Dataset excerpt:
/---

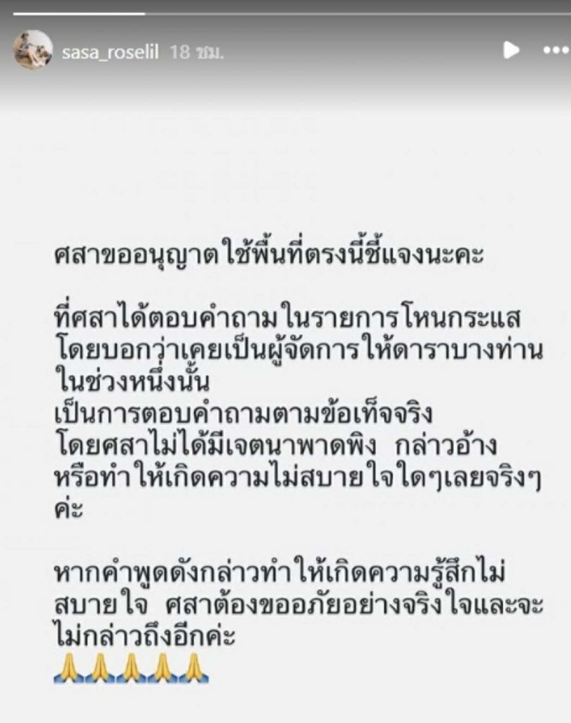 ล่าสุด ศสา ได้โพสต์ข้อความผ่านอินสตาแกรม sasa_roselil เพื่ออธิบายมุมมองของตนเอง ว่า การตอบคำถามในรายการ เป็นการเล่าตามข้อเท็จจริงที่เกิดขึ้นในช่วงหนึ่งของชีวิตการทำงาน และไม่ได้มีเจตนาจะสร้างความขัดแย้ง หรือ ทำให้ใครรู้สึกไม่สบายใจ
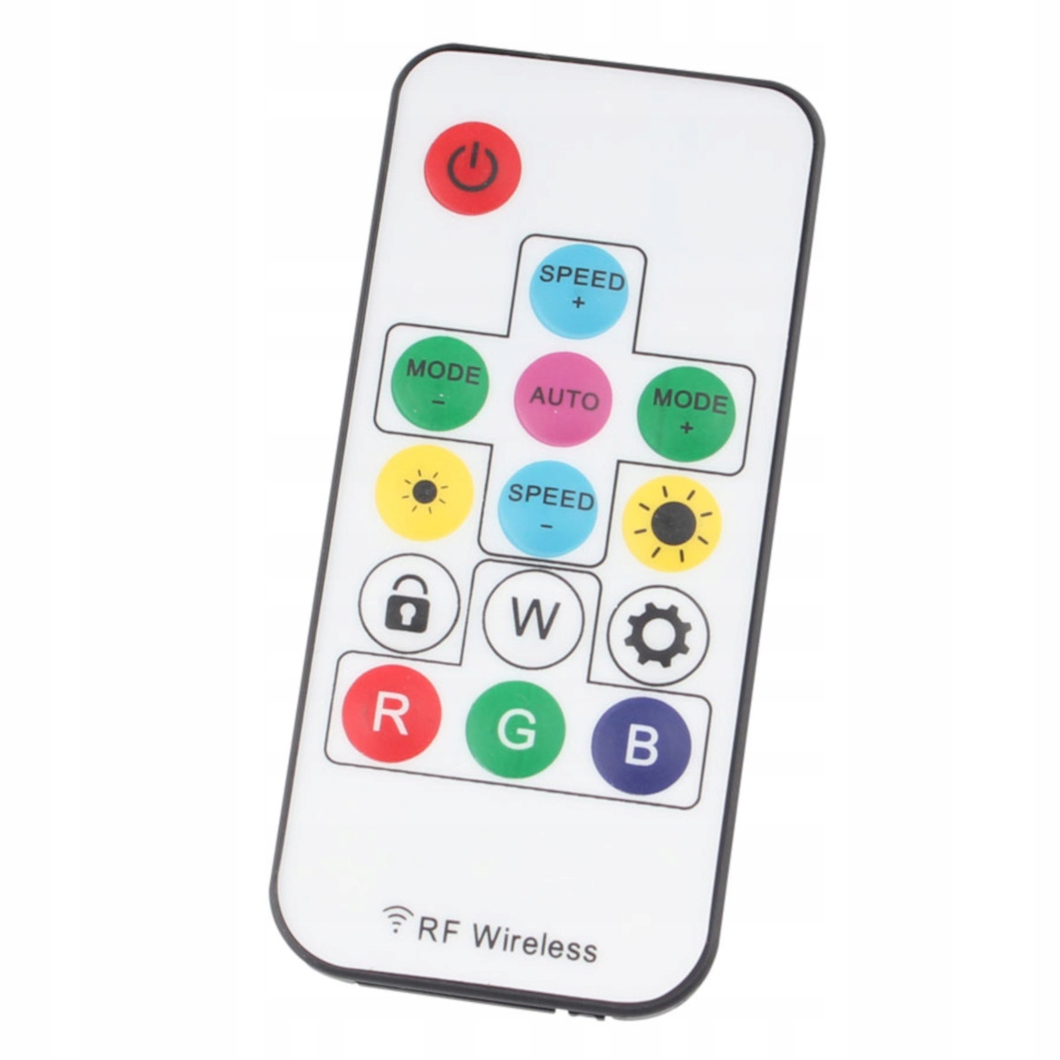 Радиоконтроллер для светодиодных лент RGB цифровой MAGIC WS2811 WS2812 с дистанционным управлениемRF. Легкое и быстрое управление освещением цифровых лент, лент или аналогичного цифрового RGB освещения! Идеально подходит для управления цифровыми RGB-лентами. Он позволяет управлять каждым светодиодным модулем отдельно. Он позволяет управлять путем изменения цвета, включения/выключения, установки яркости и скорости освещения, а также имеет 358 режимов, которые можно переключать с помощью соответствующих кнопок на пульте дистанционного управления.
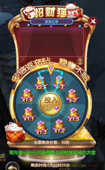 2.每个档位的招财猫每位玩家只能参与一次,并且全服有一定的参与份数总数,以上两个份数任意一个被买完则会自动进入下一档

\---

Exercise prompt: Return all the data above as written, leaving out only the pictures.

Answer area:
 ล่าสุด ศสา ได้โพสต์ข้อความผ่านอินสตาแกรม sasa_roselil เพื่ออธิบายมุมมองของตนเอง ว่า การตอบคำถามในรายการ เป็นการเล่าตามข้อเท็จจริงที่เกิดขึ้นในช่วงหนึ่งของชีวิตการทำงาน และไม่ได้มีเจตนาจะสร้างความขัดแย้ง หรือ ทำให้ใครรู้สึกไม่สบายใจ
 Радиоконтроллер для светодиодных лент RGB цифровой MAGIC WS2811 WS2812 с дистанционным управлениемRF. Легкое и быстрое управление освещением цифровых лент, лент или аналогичного цифрового RGB освещения! Идеально подходит для управления цифровыми RGB-лентами. Он позволяет управлять каждым светодиодным модулем отдельно. Он позволяет управлять путем изменения цвета, включения/выключения, установки яркости и скорости освещения, а также имеет 358 режимов, которые можно переключать с помощью соответствующих кнопок на пульте дистанционного управления.
 2.每个档位的招财猫每位玩家只能参与一次,并且全服有一定的参与份数总数,以上两个份数任意一个被买完则会自动进入下一档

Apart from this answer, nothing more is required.